Страница 1 из 6
Анатолий Шинкин
Любовь – это да!
Бог, наблюдая нас, уже протер
в недоумении "потылыцу" до лысины
ВОСХИЩЕНИЯ НЕДОСТОИН
Выпивали с соседями, разговаривали застольно. Ванюшкина Надька сказала, восхищаюсь, мол, моряками, летчиками и другими бесстрашными, уходят на свою опасную работу и знают, что могут не вернуться. Ванюшка грудь развернул, приосанился:
–– Рыбу ловлю, охочусь; в лесу, на реке один ночую. Как нечего делать, сгинуть, не вернуться.

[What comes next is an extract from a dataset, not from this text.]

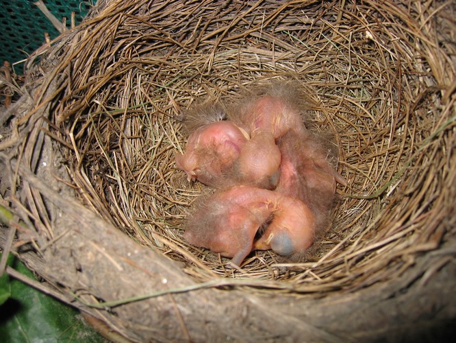 1. Tag Mo 17. April: 4 junge Amseln sind geschlüpft.
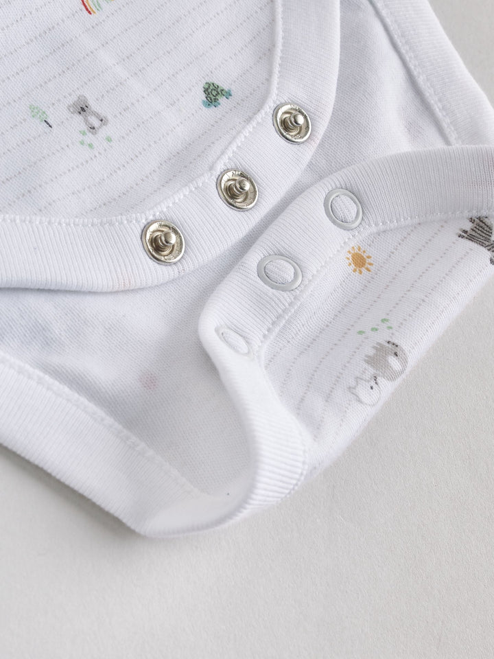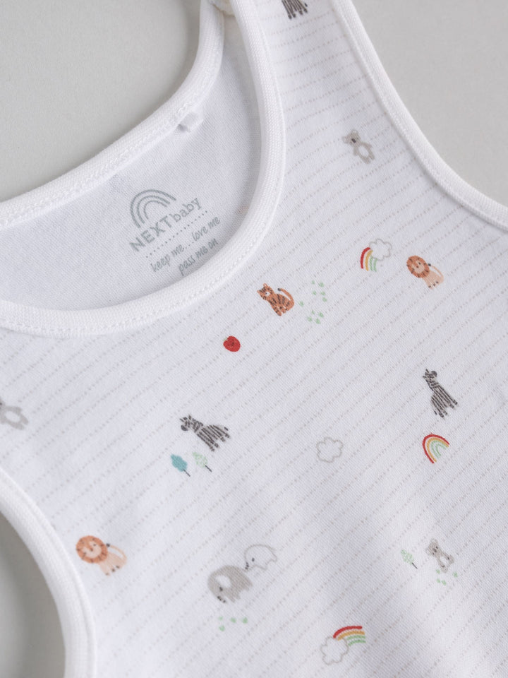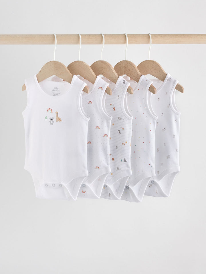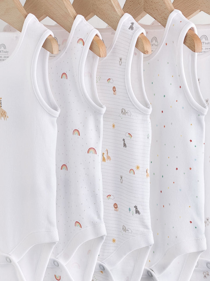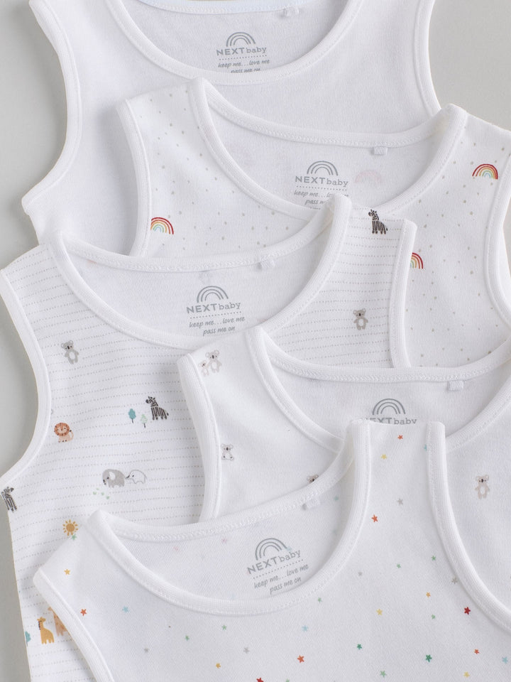 Stock up on a daily essential with this five-pack of white vest bodysuits. Featuring a charming print, the super-soft cotton fabric and nickel-free popper fastenings provide a comfortable and gentle feel, ensuring easy changes and protecting against irritation. 5-pack Super soft cotton Popper bottom fastening Nickel-free poppers Machine washable. 5 x Bodysuit 100% Cotton. Country of Origin: Sri Lanka Warning: Keep away from fire and flames.

–– Молчи уж, – презрительно отмахнулась Надька, – ты всегда возвращаешься.
ЗАВЫСИЛ ПЛАНКУ
Жили в поселке Федор и Мария. Детей у них не было, и Федор всю неистраченную любовь на жену оборачивал: подарки дорогие подносил, варить и стирать пытался, открытки на День рождения и Восьмое марта стихами подписывал, а иной раз и с цветами домой являлся.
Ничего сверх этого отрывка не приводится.